The city has prevailed in the first of two court actions being pursued in a bid to keep two fired police officers from being returned to duty.
However, Circuit Court Judge Neil Thomas did order the city to put officers Sean Emmer and Adam Cooley back on the payroll.
Emmer and Cooley were fired in November over accusations that they used excessive force in the June 14, 2012, beating of a federal inmate that left him with two broken legs.
Administrative Law Judge Kim Summers, of Nashville, last month ordered that the officers be reinstated and receive full back pay, but the city asked for a temporary restraining order blocking their return to work pending an appeal.
On Friday, Thomas agreed that the officers shouldn't return to work in light of the appeal and granted the city's request.
Bryan Hoss, Emmer's attorney, said Thomas' decision means the city has to pay nearly a year's worth of back pay and benefits to the two officers. Both officers were making in the mid-$30,000 per year range.
"He's the second judge in the last 30 days that said these officers are entitled to full back pay," said Hoss. "[The city] should be writing those checks very shortly."
The city's request to review Summers' order and all the facts surrounding the case is expected to be assigned to a local judge next week.
In a decision issued Sept. 24, Summers ordered the city to reinstate Emmer and Cooley, finding that the officers had acted in accordance with their training when they struck Adam Tatum more than 44 times with a metal baton during a confrontation at the Salvation Army halfway house on McCallie Avenue.

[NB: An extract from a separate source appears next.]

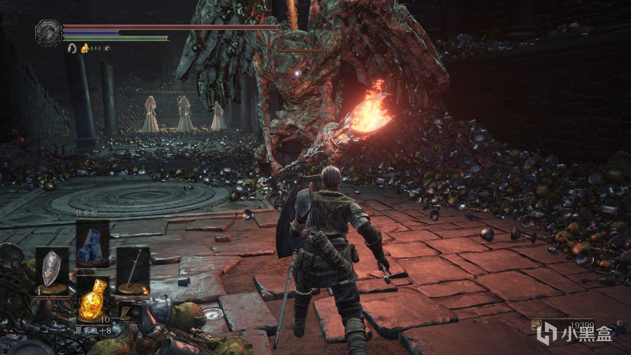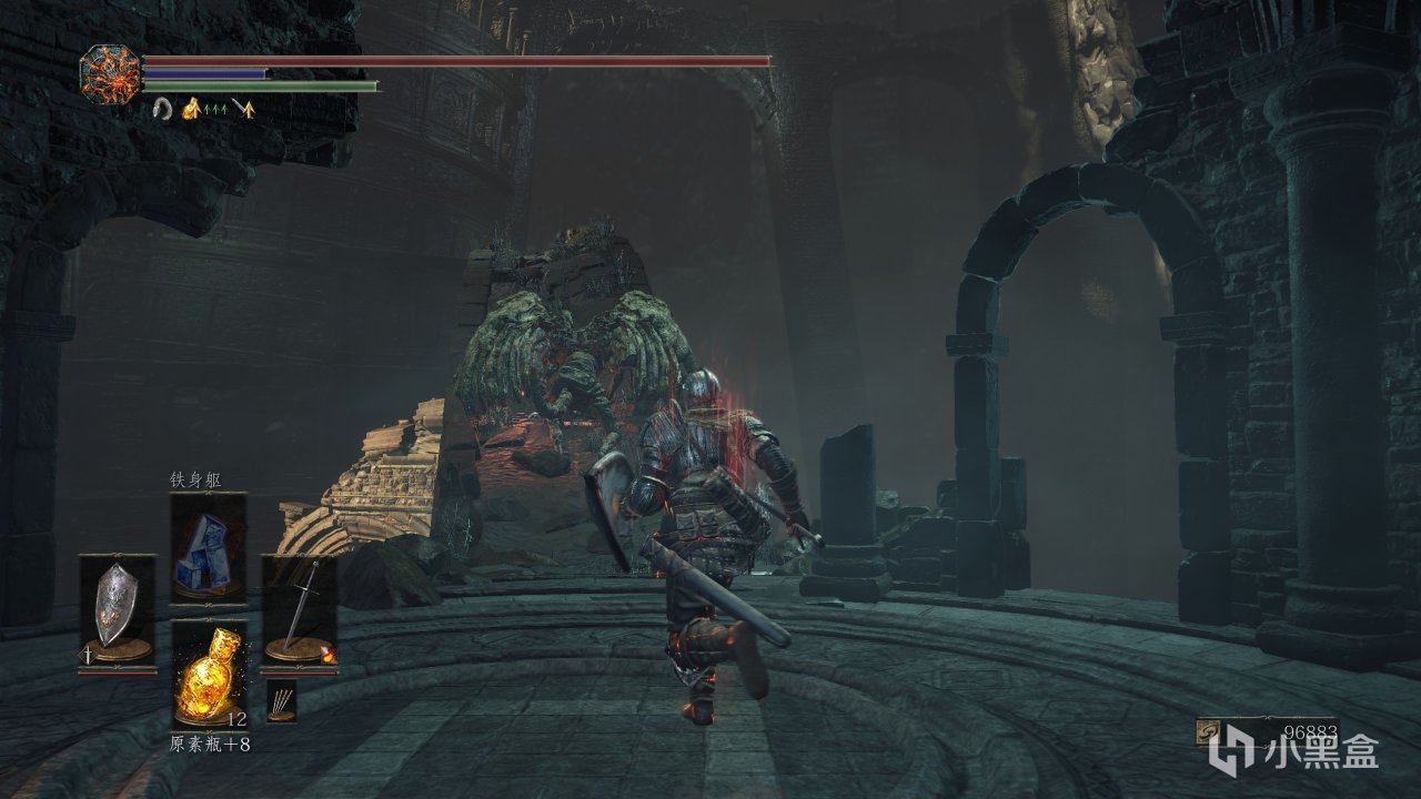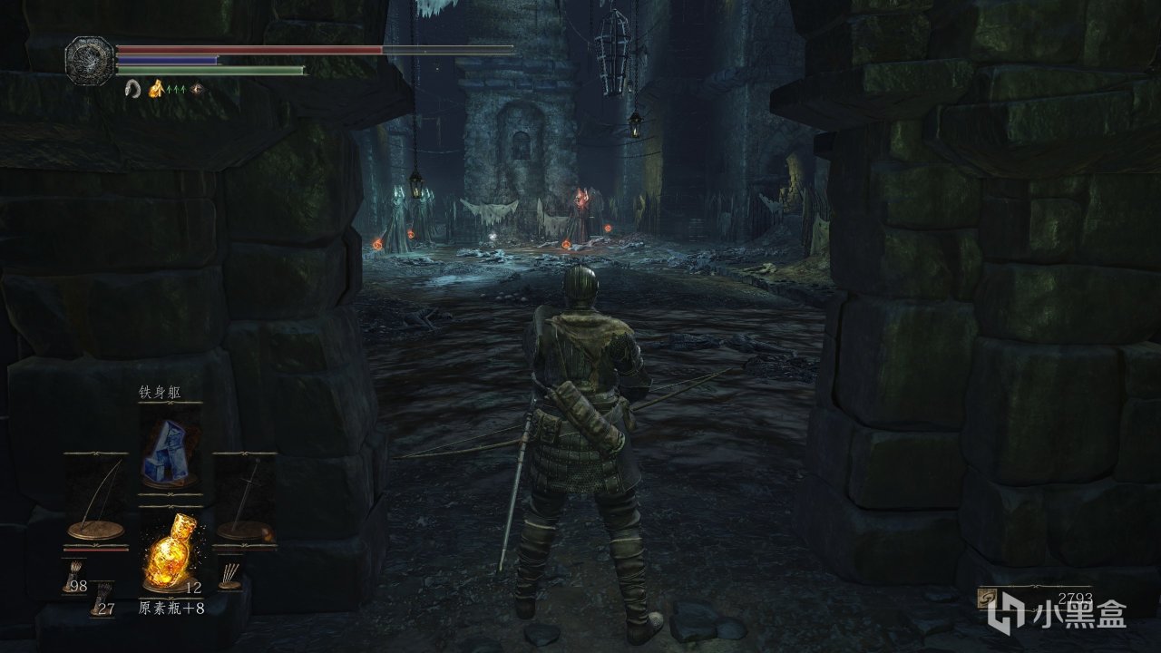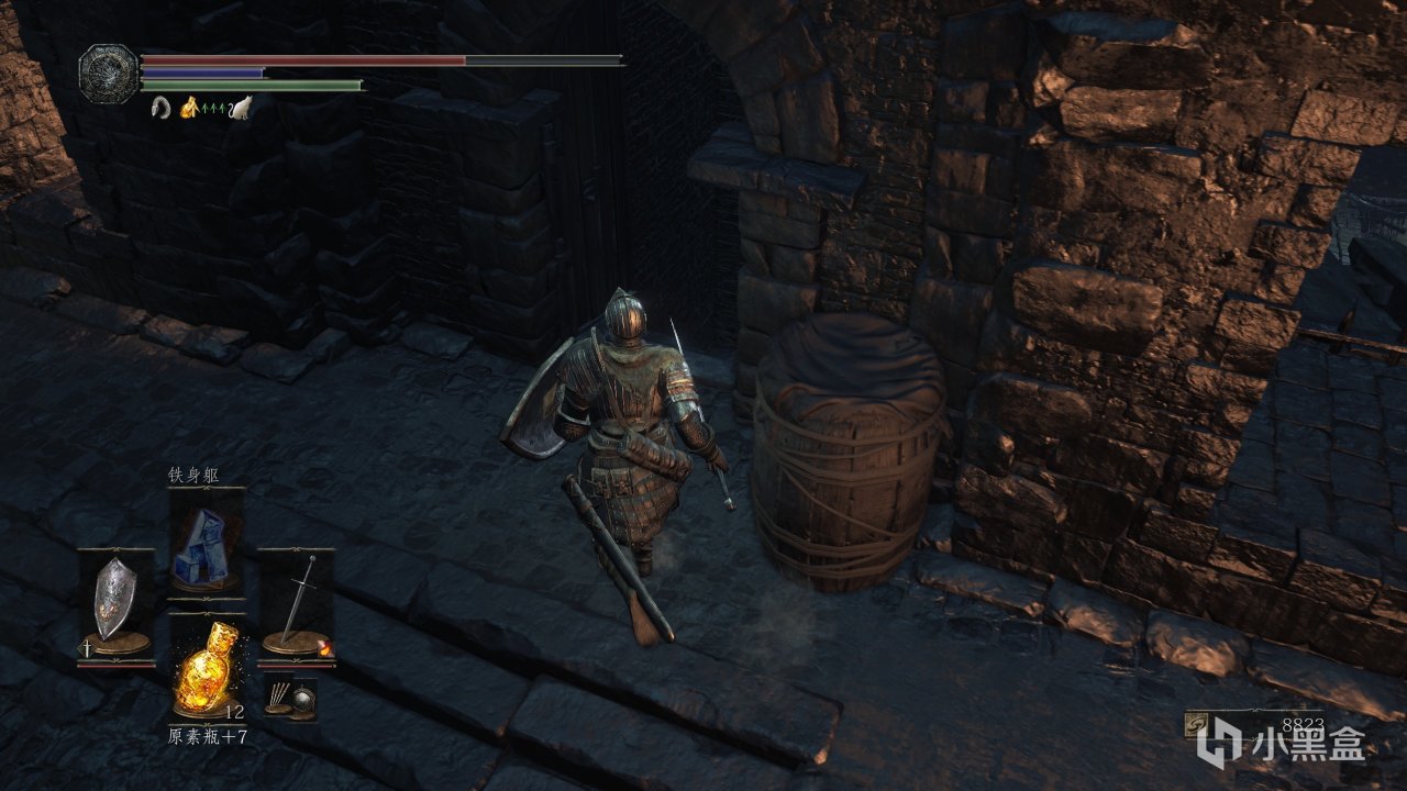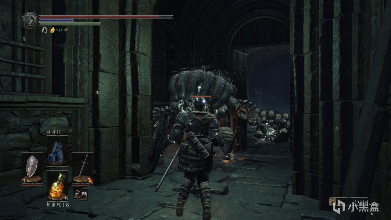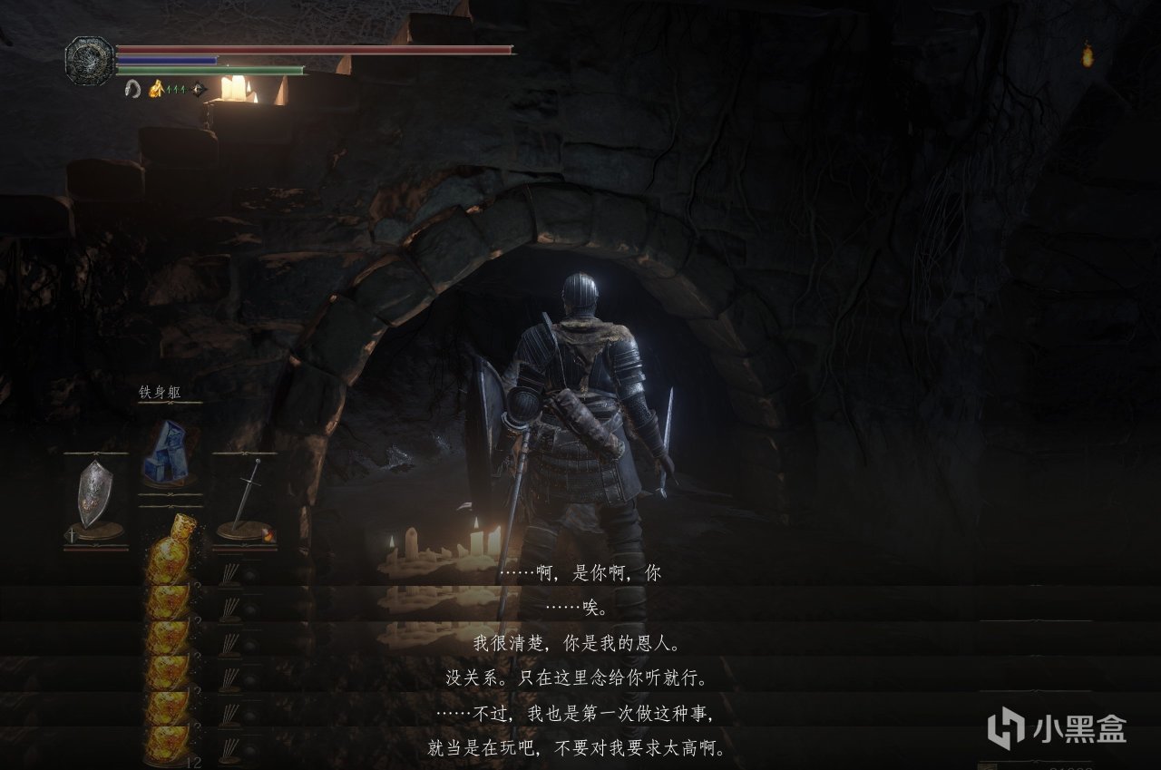 走到頭撿鑰匙(宮崎英高在這裏的設計就是讓你來回在地下監牢跑,屬於是沒活了,做不了大地圖了,讓你重複體驗,正常不從平臺跳木板只能從這個走廊跳到巨人腳下,然後又是發現洋蔥,找洋蔥)

The decision sparked public outcry, and activists said the community was terrified of Emmer and Cooley returning to the department.
Police Chief Bobby Dodd said he had never received more public outcry and agreed that the two should not be returned to the force. He said that doing so could put his officers at risk along with the public.
"I've been amazed by the outpouring from the citizens that ... demanded these officers not go back to work," Dodd said. "If the public at large doesn't trust the police department ... we can't effectively do our job in the community."
Thomas said he understood why it could cause harm to the city if the officers returned to work at this time.
City Attorney Wade Hinton wouldn't comment on whether the city will pay back a year's worth of pay and benefits, saying he first had to consult the city administration.